TASK STATEMENT: Everything from the line with "This card is" to the line with "This project was" in the listing below, both lines included, needs to be copied exactly, apart from the pictures.
----------------------------------------
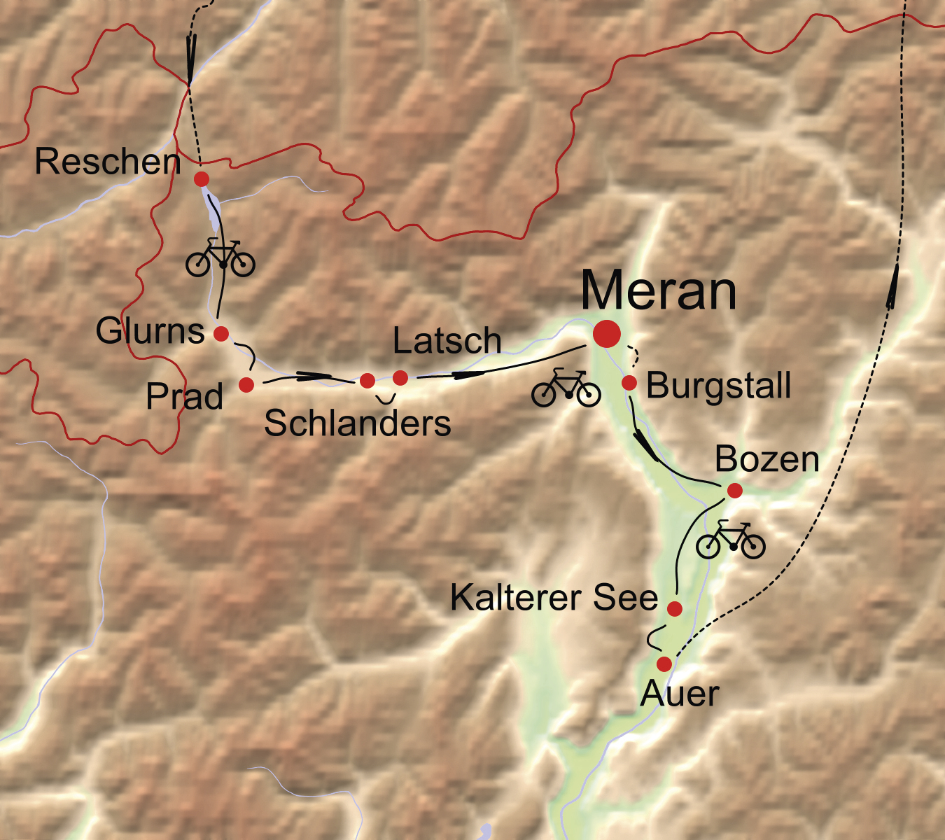 Von Latsch startet Ihre Radtour auf der Via Claudia zuerst nach Kastelbell und folgt dann dem Radweg über Naturns und Partschins nach Meran. Über Burgstall radeln Sie nun Richtung Bozener Becken. Lohnenswert ist ein Abstecher nach Terlan zur Kirche Mariä Himmelfahrt mit sehenswerten Fresken. Dann erwartet Sie in Bozen Ihr Reisebus; nutzen Sie die Zeit noch zu einem Bummel durch die Laubengänge oder zum Waltherplatz. Transfer nach Meran.
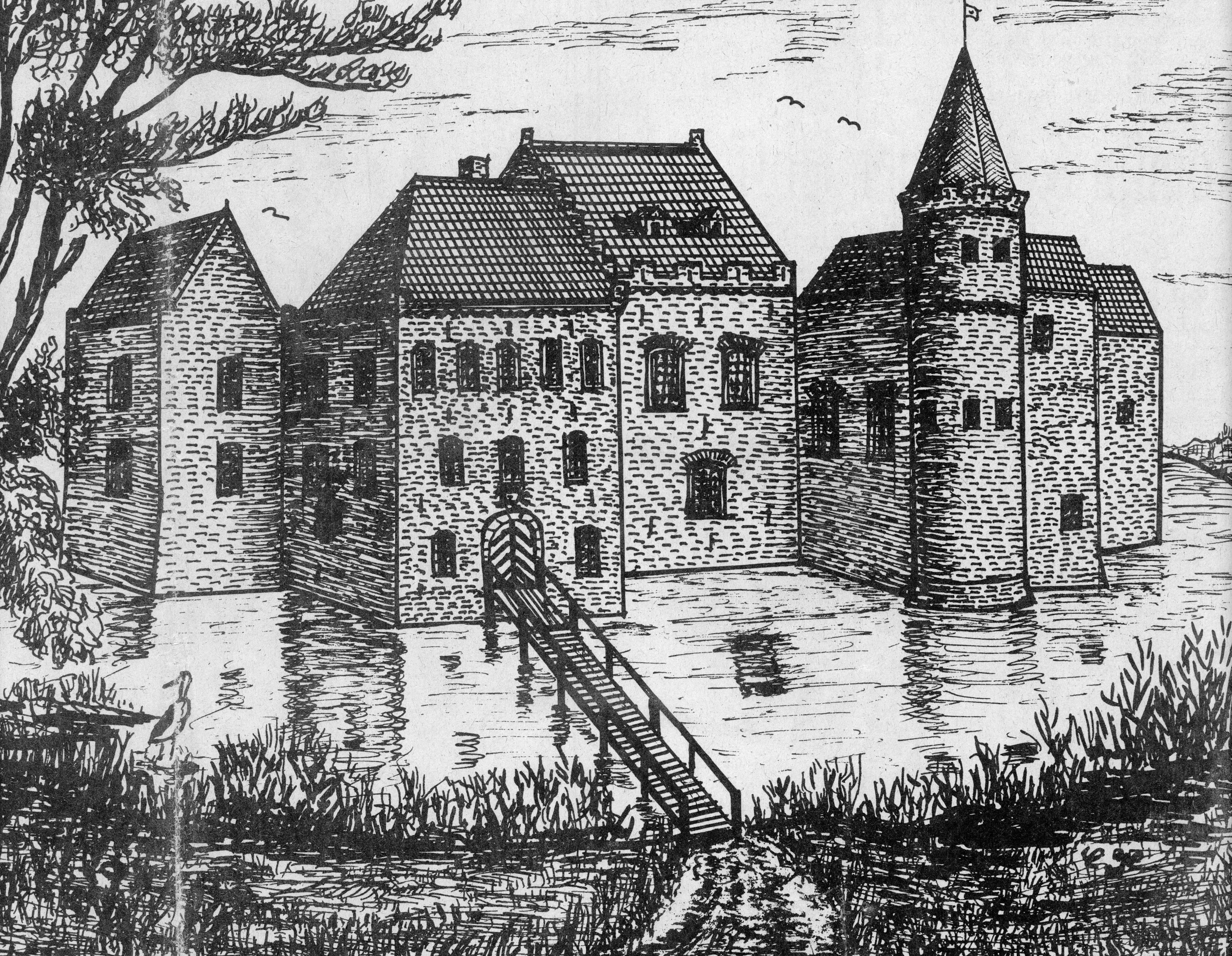 Zo moet het Slot Herlaar te Ameide/Tienhoven er omstreeks 1520 hebben uitgezien. Deze reconstructietekening is gemaakt naar aanleiding van een ruwe schets uit een met de hand geschreven boek. De tekening is gemaakt door C.J. Hoogland. C.J. Hoogland
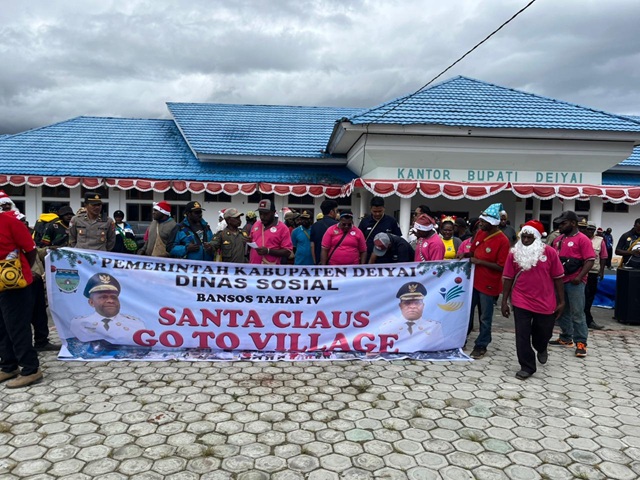 Deiyai, 12 Desember 2025 – Dalam suasana Natal yang penuh sukacita, Pemerintah Kabupaten Deiyai melalui Dinas Sosial melaksanakan kegiatan sosial bertajuk “Santa Claus Go To Village” pada Jumat (12/12/2025). Program ini dihadiri oleh sejumlah kepala OPD, pegawai serta tenaga kontrak Dinas Sosial, para kepala desa, dan masyarakat.
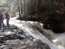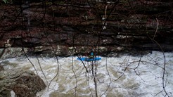 - Stairway to Heaven (V to V+). Scout from one of the micro eddies on the left, earlier is better. Enter left of center with little speed and make sure you never sit up right as you land several drops onto slabs. Slide down left of center if possible. Below, make sure to catch an eddy as the river pushes down a right channel which is sieved out. Recently someone put some climbing bolts in so now the portage is really not that bad at all. Not for class V standards at least.
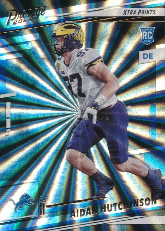 This card is 1 of 27 Aidan Hutchinson's card variations in the 2022 Prestige set being tracked by Sports Card Investor, including Base, Xtra Points Astral, Xtra Points Diamond, Xtra Points Dots, and Xtra Points Galaxy.
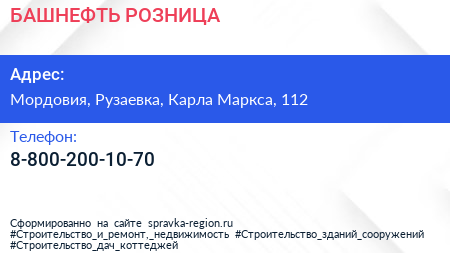 БАШНЕФТЬ-РОЗНИЦА по адресу Мордовия, Рузаевка, Карла Маркса, 112 в дальнейшем Организация, размещена в следующих категориях:
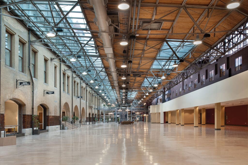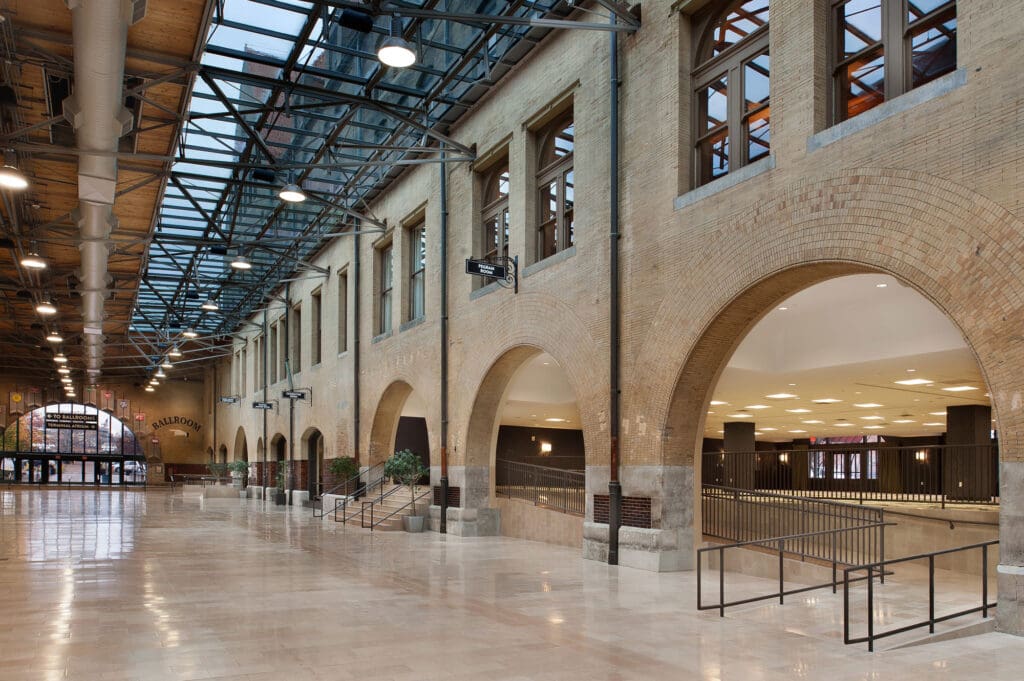 This project was a 56,000 sq ft. interior renovation of the Midway and Headhouse at Union Station. The space was originally a train station, but now houses conference rooms, exhibit space and restrooms. The renovation included high-end finishes such imported French tile.
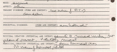 The "Initial Evaluation Sheet" completed in the psych ER classifies the author as potentially suicidal. |
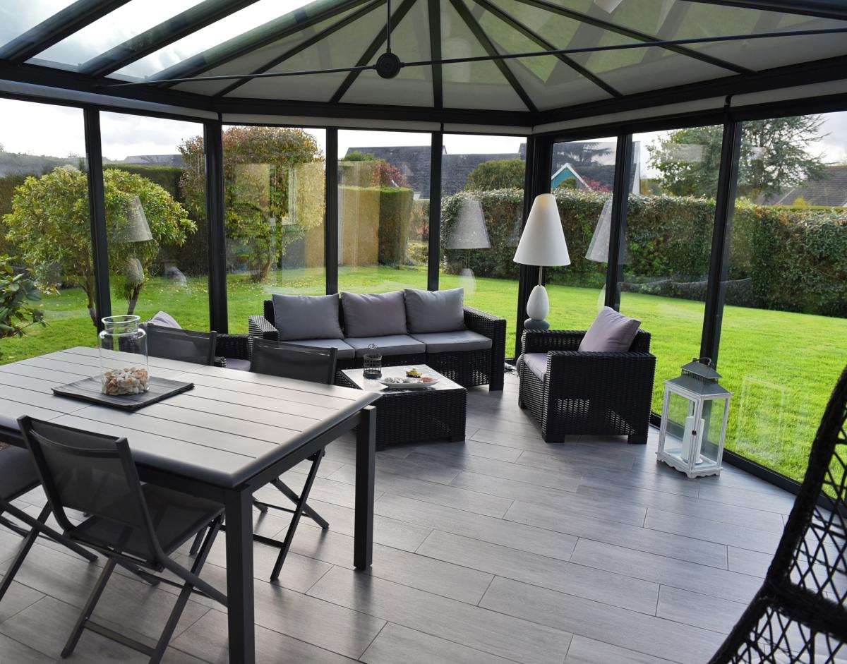- Au rez-de-chaussée : entrée sur séjour/salon avec cuisine ouverte aménagée et équipée (plaque induction, hotte, four, micro-onde, frigo), véranda, WC avec lave-mains, pièce vestiaire avec accès garage et buanderie/chaufferie.
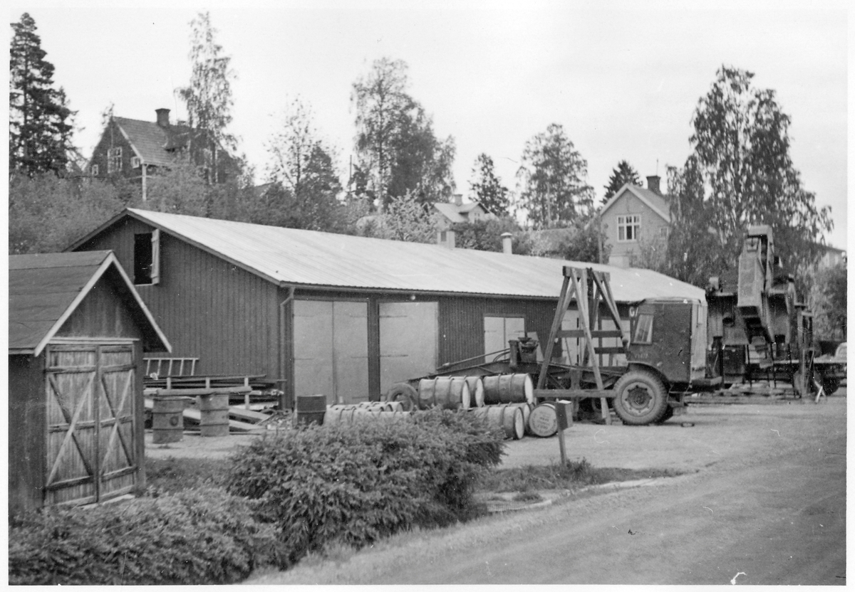 Vägstation S12, Åmotfors. Förrådsbyggnad. Framför byggnaden väghyvel, bortom denna en lastningselevator (skopelevator). Upplag av bränslefat. Bostadshus i bakgrunden. Invid väg.
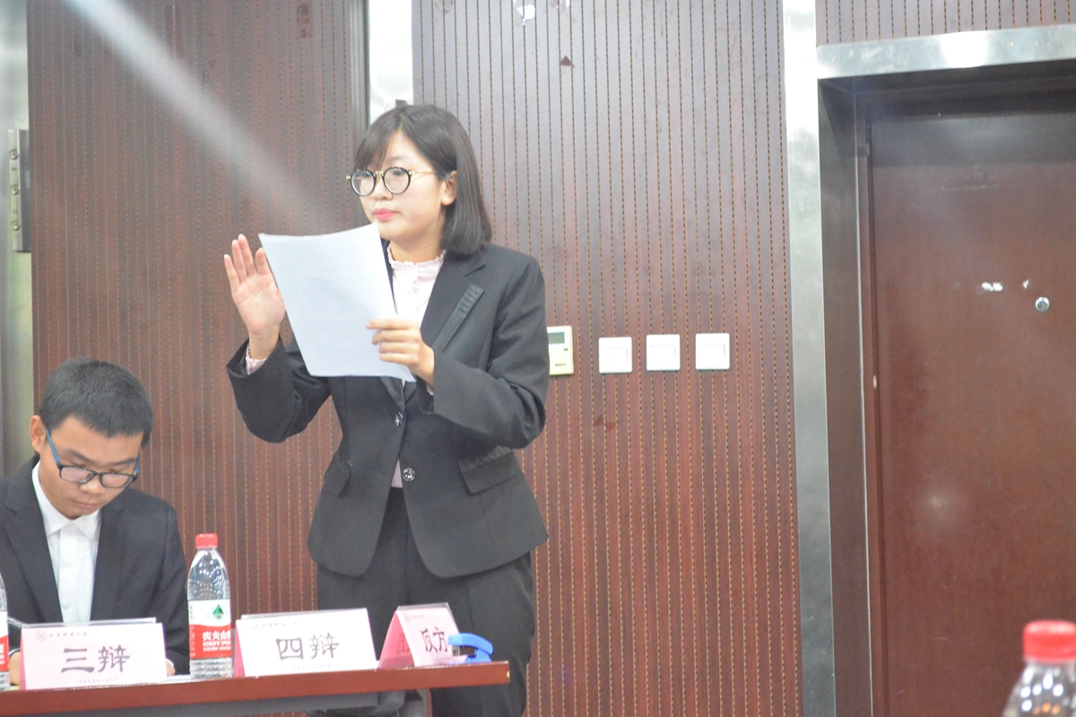 接下来双方二辩和四辩对辩。正方二辩邓皓同学针对宽松式教育有利于培养同学的自主意识和独立人格进行精彩论述;而反方二辩刘依迪同学则针对组织性进行论述,强调宽松式教育缺乏应有的组织性。接着正方四辩李帅同学论述宽松式管理有助于加强学生自我管理能力,发现自身错误,并在学校提供的平台下改正;反方四辩刘哲同学则认为现今的大学生自觉性普遍不高,所以宽松式管理带来较多自由,会使大学生产生自由泛滥,导致他们不能很好地集中精力与学业。双方二辩小结,计时各为两分钟。双方队员对之前的辩论进行总结并引出己方论点。第四项是双方三辩盘问对方一二四辩,计时各为两分钟。正方三辩徐焱东同学和反方三辩陈弘略同学以犀利的语言询问对方辩手,双方队员不差上下。
----------------------------------------
EXPECTED ANSWER:
 This card is 1 of 27 Aidan Hutchinson's card variations in the 2022 Prestige set being tracked by Sports Card Investor, including Base, Xtra Points Astral, Xtra Points Diamond, Xtra Points Dots, and Xtra Points Galaxy.
 БАШНЕФТЬ-РОЗНИЦА по адресу Мордовия, Рузаевка, Карла Маркса, 112 в дальнейшем Организация, размещена в следующих категориях:
 This project was a 56,000 sq ft. interior renovation of the Midway and Headhouse at Union Station. The space was originally a train station, but now houses conference rooms, exhibit space and restrooms. The renovation included high-end finishes such imported French tile.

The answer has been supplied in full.